Repubblica 9.11.16
La lingua dell’odio
di Nadia Urbinati
C’È
UN luogo comune sull’America che è rimbalzato nei media tradizionali e
sui social media in queste settimane: a fronte dei colpi bassi tra i
candidati e degli scandali, svelati o annunciati addirittura da agenzie
pubbliche come l’Fbi, cadono i miti sull’America delle regole e della
democrazia. Un luogo comune che non coglie nel segno perché non è una
novità che la politica americana superi l’immaginazione quanto a
spietata durezza.
La storia americana è scandita dall’uso di colpi
bassi e di violenza in politica: omicidi di presidenti (a partire dal
grande Lincoln fino al giovane Kennedy) e candidati (l‘ultimo Robert
Kennedy), scandali che hanno fatto cadere presidenti (Nixon), campagne
dal linguaggio populista violento e razzista (del democratico Wallace),
infine finanziamenti miliardari alle campagne elettorali che servono
addirittura a misurare il gradimento dei candidati, per cui chi è
semplicemente “popolare” non ha nei fatti le stesse possibilità di
vincere di chi ha dalla propria le multinazionali e le oligarchie di
partito (un tema che Bernie Sanders ha più volte sollevato nelle
primarie contro Hillary Clinton). Insomma, l’America è ammirevole non
per la sua purezza ma per l’esplicita confessione delle impurità della
politica e per quella straordinaria forza delle istituzioni e
dell’opinione che resistono a scandali e a violenze. Cinismo verso la
politica e convinzione della rettitudine delle persone ordinarie: su
questo dualismo si è costruito il mito del populismo americano “buono”,
che mai ha tracimato dal regime costituzionale. L’immaginario di un
eccezionalismo americano nella valutazione del populismo è durato almeno
fino a Donald Trump.
La novità immessa nella politica americana —
forse la maggiore novità — sta qui: nel fatto che gli americani, ultimi
tra tutti i paesi democratici, abbiano scoperto che il populismo
“cattivo” è possibile. Il “popolo” può essere personificato da un
pessimo leader e identificato con un linguaggio fortemente negativo e
negazionista: negativo, come in altri momenti del passato (pensiamo
appunto a Wallace) e anche negazionista, come mai prima d’ora.

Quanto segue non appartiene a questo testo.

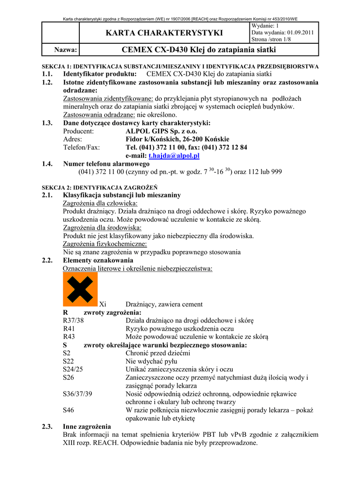 Karta charakterystyki zgodna z Rozporządzeniem (WE) nr 1907/2006 [REACH] oraz Rozporządzeniem Komisji nr 453/2010/WE KARTA CHARAKTERYSTYKI Nazwa: Wydanie: 1 Data wydania: 01.09.2011 Strona /stron 1/8 CEMEX CX-D430 Klej do zatapiania siatki SEKCJA 1: IDENTYFIKACJA SUBSTANCJI/MIESZANINY I IDENTYFIKACJA PRZEDSIĘBIORSTWA 1.1. 1.2. 1.3. 1.4. Identyfikator produktu: CEMEX CX-D430 Klej do zatapiania siatki Istotne zidentyfikowane zastosowania substancji lub mieszaniny oraz zastosowania odradzane: Zastosowania zidentyfikowane: do przyklejania płyt styropianowych na podłożach mineralnych oraz do zatapiania siatki zbrojącej w systemach ociepleń budynków. Zastosowania odradzane: nie określono. Dane dotyczące dostawcy karty charakterystyki: Producent: ALPOL GIPS Sp. z o.o. Adres: Fidor k/Końskich, 26-200 Końskie Telefon/Fax: Tel. (041) 372 11 00, fax: (041) 372 12 84 e-mail: [email protected] Numer telefonu alarmowego (041) 372 11 00 (czynny od pn.-pt. w godz. 7 30-16 30) oraz 112 lub 999 SEKCJA 2: IDENTYFIKACJA ZAGROŻEŃ 2.1. 2.2. 2.3. Klasyfikacja substancji lub mieszaniny Zagrożenia dla człowieka: Produkt drażniący. Działa drażniąco na drogi oddechowe i skórę. Ryzyko poważnego uszkodzenia oczu. Może powodować uczulenie w kontakcie ze skórą. Zagrożenia dla środowiska: Produkt nie jest klasyfikowany jako niebezpieczny dla środowiska. Zagrożenia fizykochemiczne: Nie są znane zagrożenia w przypadku poprawnego stosowania Elementy oznakowania Oznaczenia literowe i określenie niebezpieczeństwa: Xi Drażniący, zawiera cement R zwroty zagrożenia: R37/38 Działa drażniąco na drogi oddechowe i skórę R41 Ryzyko poważnego uszkodzenia oczu R43 Może powodować uczulenie w kontakcie ze skórą S zwroty określające warunki bezpiecznego stosowania: S2 Chronić przed dziećmi S22 Nie wdychać pyłu S24/25 Unikać zanieczyszczenia skóry i oczu S26 Zanieczyszczone oczy przemyć natychmiast dużą ilością wody i zasięgnąć porady lekarza S36/37/39 Nosić odpowiednią odzież ochronną, odpowiednie rękawice ochronne i okulary lub ochronę twarzy S46 W razie połknięcia niezwłocznie zasięgnij porady lekarza – pokaż opakowanie lub etykietę Inne zagrożenia Brak informacji na temat spełnienia kryteriów PBT lub vPvB zgodnie z załącznikiem XIII rozp. REACH. Odpowiednie badania nie były przeprowadzone. Karta charakterystyki zgodna z Rozporządzeniem (WE) nr 1907/2006 [REACH] oraz Rozporządzeniem Komisji nr 453/2010/WE KARTA CHARAKTERYSTYKI Nazwa: Wydanie: 1 Data wydania: 01.09.2011 Strona /stron 2/8 CEMEX CX-D430 Klej do zatapiania siatki SEKCJA 3: SKŁAD/INFORMACJA O SKŁADNIKACH 3.1. Substancje Nie dotyczy 3.2. Mieszaniny < 30% Cement portlandzki Nr CAS: 65997-15-1 Nr WE: 266-043-4 Nr rejestracji właściwej: substancja podlega przepisom okresu przejściowego Klasyfikacja wg 67/548/EWG: Xi, R37/38, R41, R43 Klasyfikacja wg 1272/2008/WE: STOT SE. 3 H335, Skin Irrit. 2 H315, Eye Dam 1 H318, Skin Sens. 1 H317 Produkt jest ubogi w chrom. Zawartość rozpuszczalnego chromu (VI) jest zgodnie z wymaganiami dyrektywy WE 2003/53/WE ograniczona do 0,0002 % (2 ppm) lub mniej w odniesieniu do suchej masy. Substancja z określoną na poziomie krajowym wartością najwyższego dopuszczalnego stężenia w środowisku pracy. < 65% Piasek kwarcowy (kruszywo) Nr CAS: 14808-60-7 Nr WE: 238-878-4 Nr rejestracji właściwej: substancja pochodzenia naturalnego wyłączona z obowiązku rejestracji Klasyfikacja wg 67/548/EWG: nie jest klasyfikowany jako niebezpieczny Klasyfikacja wg 1272/2008/WE: nie jest klasyfikowany jako niebezpieczny Substancja z określoną na poziomie krajowym wartością najwyższego dopuszczalnego stężenia w środowisku pracy. Pełen tekst zwrotów R i H podany został w sekcji 16 karty SEKCJA 4: ŚRODKI PIERWSZEJ POMOCY 4.1. Opis środków pierwszej pomocy Kontakt ze skórą: - zdjąć zabrudzone ubranie - miejsce narażone na kontakt z produktem przemyć dużą ilością wody z mydłem - jeśli to konieczne zwrócić się o pomoc lekarską Kontakt z oczami: - skażone oczy płukać, przy otwartych powiekach, ciągłym strumieniem bieżącej wody przez 10-15 minut; unikać silnego strumienia wody, który może stworzyć ryzyko uszkodzenia rogówki - nie używać żadnych płynów do przemywania oczu ani żadnych maści przed konsultacją medyczną - w przypadku gdy osoba poszkodowana nosi szkła kontaktowe zdjąć je - zwrócić się o pomoc lekarską Uwaga: osoby narażone na skażenie oczu powinny być pouczone o konieczności i sposobie ich natychmiastowego płukania. Spożycie: - wypłukać usta dużą ilością bieżącej wody - zwrócić się o pomoc lekarską Narażenie drogą oddechową: - osobę poszkodowaną przenieść do dobrze wentylowanego pomieszczenia - jeśli to konieczne zwrócić się o pomoc lekarską Karta charakterystyki zgodna z Rozporządzeniem (WE) nr 1907/2006 [REACH] oraz Rozporządzeniem Komisji nr 453/2010/WE KARTA CHARAKTERYSTYKI Nazwa: 4.2. 4.3. Wydanie: 1 Data wydania: 01.09.2011 Strona /stron 3/8 CEMEX CX-D430 Klej do zatapiania siatki Najważniejsze ostre i opóźnione objawy oraz skutki narażenia W kontakcie z oczami: łzawienie, zaczerwienienie, podrażnienie, ryzyko poważnego uszkodzenia oczu. W kontakcie ze skórą: podrażnienie, zaczerwienienie, może powodować wystąpienie reakcji alergicznej. Po inhalacji: kaszel, niewielki ból nosa, gardła podrażnienie układu oddechowego. Po spożyciu: ból brzucha, wymioty, może dojść do zablokowania układu pokarmowego. Wskazania dotyczące wszelkiej natychmiastowej pomocy lekarskiej i szczególnego postępowania z poszkodowanym Decyzję o sposobie postępowania ratunkowego podejmuje lekarz po dokładnej ocenie stanu poszkodowanego SEKCJA 5: POSTĘPOWANIE W PRZYPADKU POŻARU 5.1. 5.2. 5.3. Środki gaśnicze Odpowiednie: dwutlenek węgla, proszek gaśniczy, piana. Odpowiednie w zależności od palących się materiałów Nieodpowiednie: nie stosować strumienia wody

Negazionismo: Trump ha dichiarato da settimane di poter negare il
risultato di queste elezioni (se perdesse), perché esito di una campagna
condotta in maniera fraudolenta sia da parte della candidata Hillary
che da parte dei media liberal, e delle élites acculturate dei college
Ivy.
Sugli “errori” di Hillary sappiamo: errori per aver usato,
quando era segretario di Stato, telefoni pubblici e privati
indifferentemente, senza fare distinzione tra le questioni personali e
quelle politiche. Un errore di valutazione e il segno di un’abitudine al
potere (che Hillary frequenta a vario titolo, privato e pubblico, da
alcuni decenni), che non sembra aver tuttavia messo a repentaglio gli
interessi nazionali. Ma a Trump importa poco il fatto materiale.
Il
fatto nuovo di questa campagna è, come si diceva, un altro: Trump ha
accusato ripetutamente i media “liberal” di aver fatto una campagna
tendenziosa, di aver premeditato la disinformazione (lo ha ripetuto
anche la moglie Melania in due interviste televisive)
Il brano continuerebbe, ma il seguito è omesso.